The number 52429 looks so wired here. In fact, it comes from $\lceil \frac{2^{16+3}}{10}\rceil$. What line 21 aims to do is $q = i * 0.1$.
But as we can see, i is probably 65537 and therefore $65537*52429=3436039373$. Overflow! However, surprisingly, $(65537*52429)>>>19=6553$. Even overflow affects nothing. However again, if we set i as 80000, $(80000*52429)>>>19 \ne 8000$.

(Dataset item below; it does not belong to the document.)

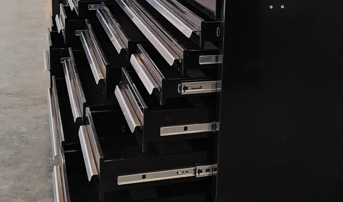 Vaikne liugrööpad: mustal multifunktsionaalsel tööriistakapist on raskeveokite vaiksete libisemisrööpad, sujuva tõmbeoperatsiooni ja tugeva koormuse kandevõimega.

I also try to do some potential improvements based on this code. I find we can continue to pull down the line before we stop the phase of deal with two digits at one time. I set is as 1024. Then the line 21 becomes
```
21: q = (i * 3355444) >>> (25);
```

Some simple experiments have been performed and I find this modification indeed improves a little bit.